Start of SUPPLIED DATA

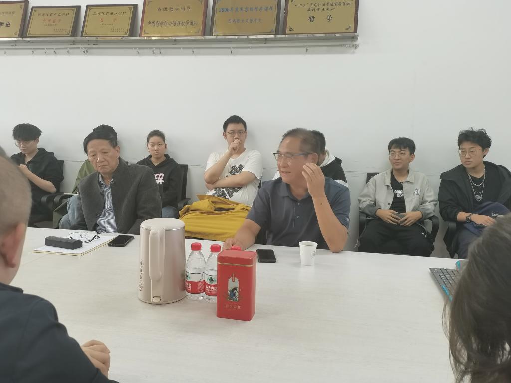中国哲学学科的教师们就学科建设进行了座谈会。中国哲学教研室主任于跃副教授、中国哲学研究生招生组组长周晓莹副教授向田文军教授介绍了91大神
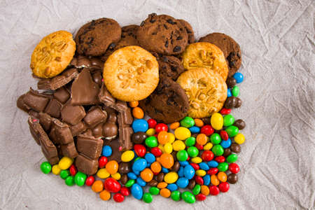 Unhealthy products. food bad for figure, skin, heart and teeth. Assortment of fast carbohydrates food with candy
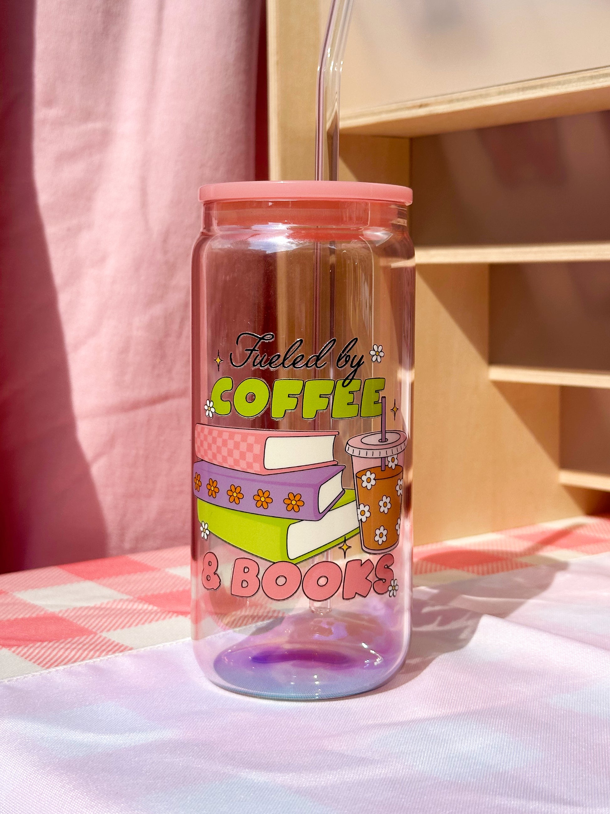 ‘Fueled By Coffee and Books’ Pink Holographic Glass Cup
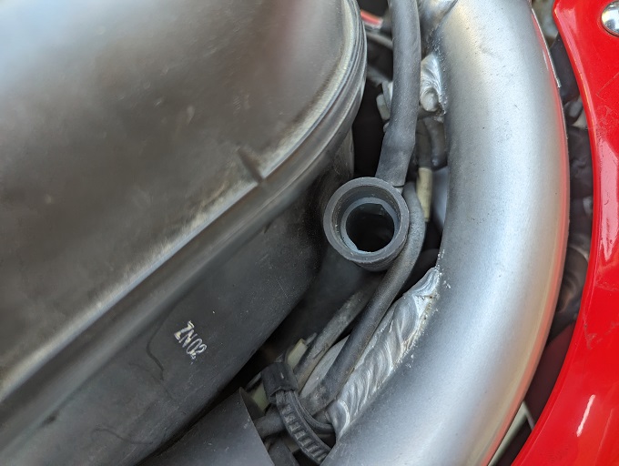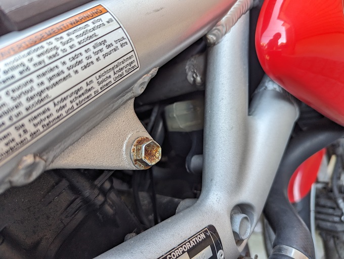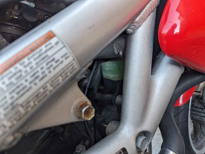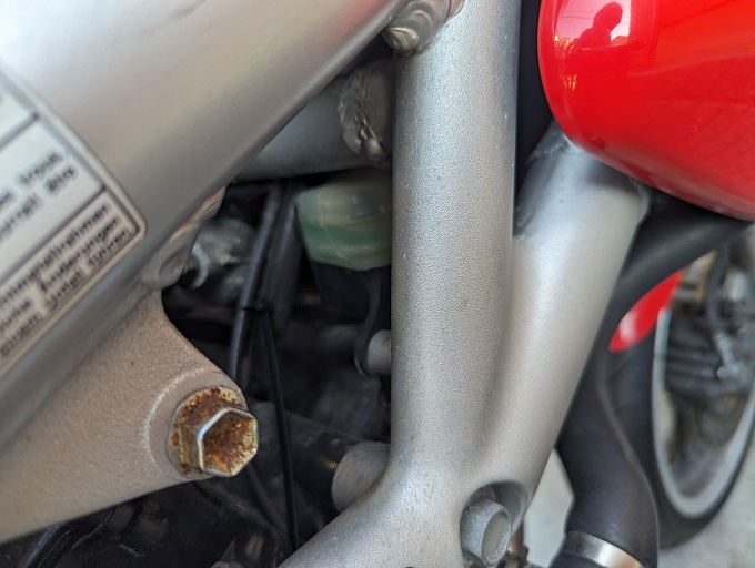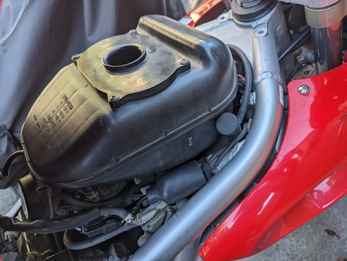 ここにペットボトルから水道水を入れるのですが、車体を直立に起こした状態で、リザーブタンクの影響を確認しながら少しずつ注ぐという作業は私一人では厳しいです。
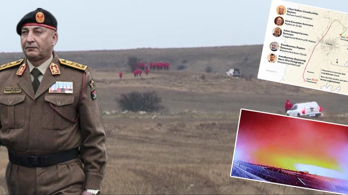 Libya Genelkurmay Başkanı Orgeneral Muhammed Ali Al-Haddad ve beraberindeki 4 kişi ile 3 mürettebatı taşıyan özel jetin enkazında arama tarama faaliyeti sabahın ilk ışıklarıyla yoğunlaştı.
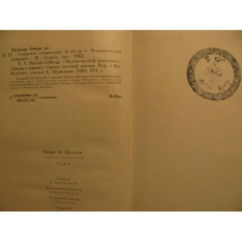 В представленном Вам сегодня роскошном подарочном 10-томном собрании сочинений (Москва, «Художественная литература»,1982-1987гг.) Оноре де Бальзака(1799-1850) широко представлены лучшие литературные произведения всемирно известного французскогописателя, авторитетного мастера любовных, психологических и социально-драматических романов. Великий французский прозаик Оноре Бальзак однозначно принадлежит к тем писателям, удел которых - бессмертие. Творчество его вошло, как частица живой силы, в могучий поступательный ход общественного развития всего человечества.
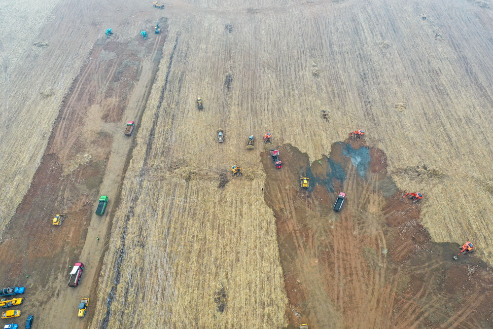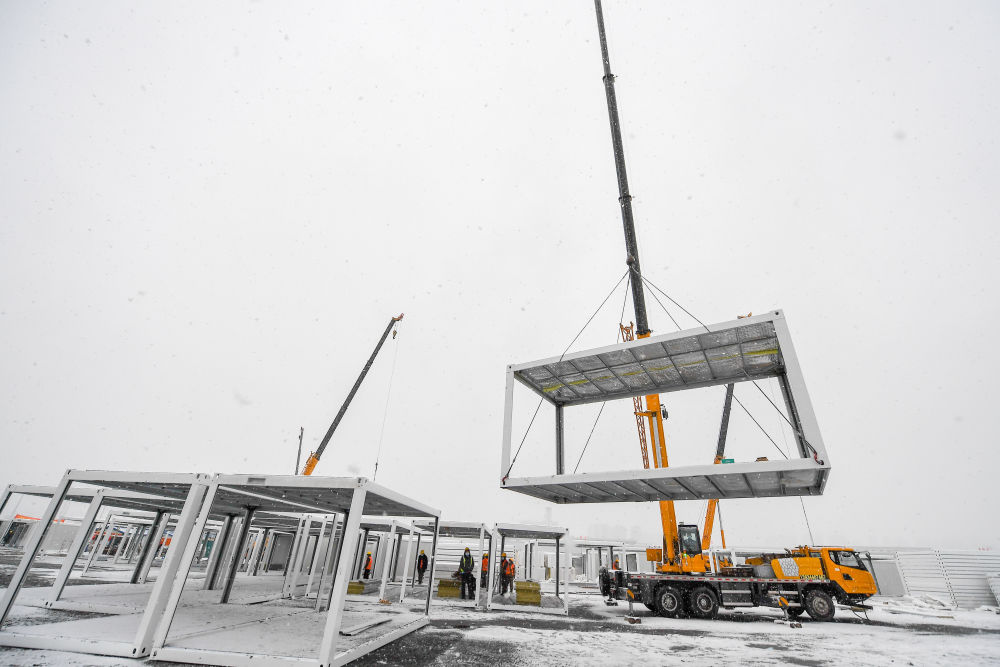 恶劣的天气,阻挡不了“中国速度”。施工现场,各种大型机械马力全开,正火速把一个个公共汽车大小的白色方舱有序组合起来。
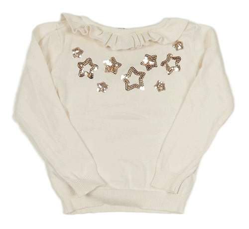 Smetanový svetr se zlatými hvězdičkami z flitrů a volánkem Kiki&Koko
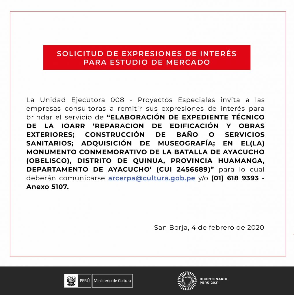 La Unidad Ejecutora 008 – Proyectos Especiales invita a las empresas consultoras a remitir sus expresiones de interés para brindar el servicio de “ELABORACIÓN DE EXPEDIENTE TÉCNICO DE LA IOARR ‘REPARACION DE EDIFICACIÓN Y OBRAS EXTERIORES; CONSTRUCCIÓN DE BAÑO O SERVICIOS SANITARIOS; ADQUISICIÓN DE MUSEOGRAFÍA; EN EL(LA) MONUMENTO CONMEMORATIVO DE LA BATALLA DE AYACUCHO (OBELISCO), DISTRITO DE QUINUA, PROVINCIA HUAMANGA, DEPARTAMENTO DE AYACUCHO’ (CUI 2456689)” para lo cual deberán comunicarse a rcerpa@cultura.gob.pe y/o (01) 618 9393 – Anexo 5107.
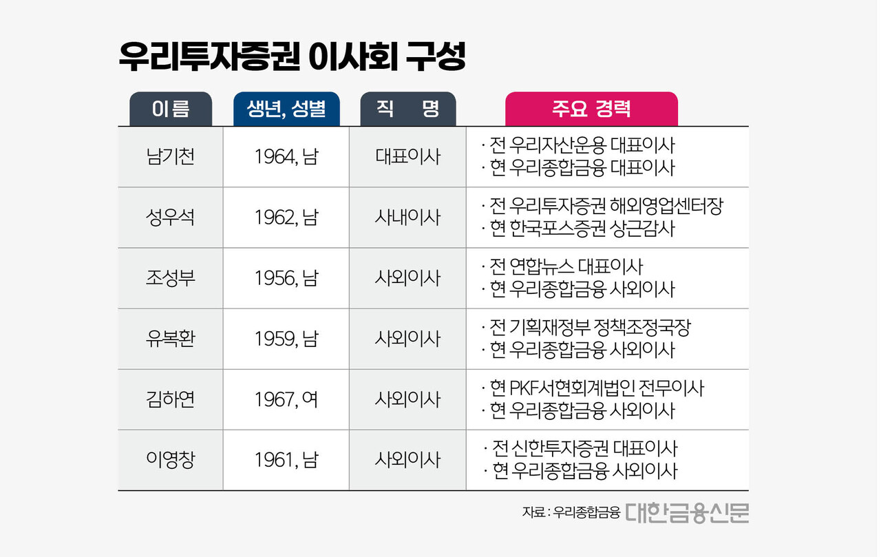앞서 우리종금의 사외이사진이자 향후 우리투자증권 사외이사진으로 활동할 3인(조성부·유복환·김하연)은 지난해 우리종금의 모든 중요의결사항에서 찬성표만 던졌다.

End of SUPPLIED DATA

# WORK REQUIRED
Write out each entry exactly as given, but skip the pictures.

# ANSWER SPACE
中国哲学学科的教师们就学科建设进行了座谈会。中国哲学教研室主任于跃副教授、中国哲学研究生招生组组长周晓莹副教授向田文军教授介绍了91大神
 Unhealthy products. food bad for figure, skin, heart and teeth. Assortment of fast carbohydrates food with candy
 ‘Fueled By Coffee and Books’ Pink Holographic Glass Cup
 ここにペットボトルから水道水を入れるのですが、車体を直立に起こした状態で、リザーブタンクの影響を確認しながら少しずつ注ぐという作業は私一人では厳しいです。
 Libya Genelkurmay Başkanı Orgeneral Muhammed Ali Al-Haddad ve beraberindeki 4 kişi ile 3 mürettebatı taşıyan özel jetin enkazında arama tarama faaliyeti sabahın ilk ışıklarıyla yoğunlaştı.
 В представленном Вам сегодня роскошном подарочном 10-томном собрании сочинений (Москва, «Художественная литература»,1982-1987гг.) Оноре де Бальзака(1799-1850) широко представлены лучшие литературные произведения всемирно известного французскогописателя, авторитетного мастера любовных, психологических и социально-драматических романов. Великий французский прозаик Оноре Бальзак однозначно принадлежит к тем писателям, удел которых - бессмертие. Творчество его вошло, как частица живой силы, в могучий поступательный ход общественного развития всего человечества.
 恶劣的天气,阻挡不了“中国速度”。施工现场,各种大型机械马力全开,正火速把一个个公共汽车大小的白色方舱有序组合起来。
 Smetanový svetr se zlatými hvězdičkami z flitrů a volánkem Kiki&Koko
 La Unidad Ejecutora 008 – Proyectos Especiales invita a las empresas consultoras a remitir sus expresiones de interés para brindar el servicio de “ELABORACIÓN DE EXPEDIENTE TÉCNICO DE LA IOARR ‘REPARACION DE EDIFICACIÓN Y OBRAS EXTERIORES; CONSTRUCCIÓN DE BAÑO O SERVICIOS SANITARIOS; ADQUISICIÓN DE MUSEOGRAFÍA; EN EL(LA) MONUMENTO CONMEMORATIVO DE LA BATALLA DE AYACUCHO (OBELISCO), DISTRITO DE QUINUA, PROVINCIA HUAMANGA, DEPARTAMENTO DE AYACUCHO’ (CUI 2456689)” para lo cual deberán comunicarse a rcerpa@cultura.gob.pe y/o (01) 618 9393 – Anexo 5107.
앞서 우리종금의 사외이사진이자 향후 우리투자증권 사외이사진으로 활동할 3인(조성부·유복환·김하연)은 지난해 우리종금의 모든 중요의결사항에서 찬성표만 던졌다.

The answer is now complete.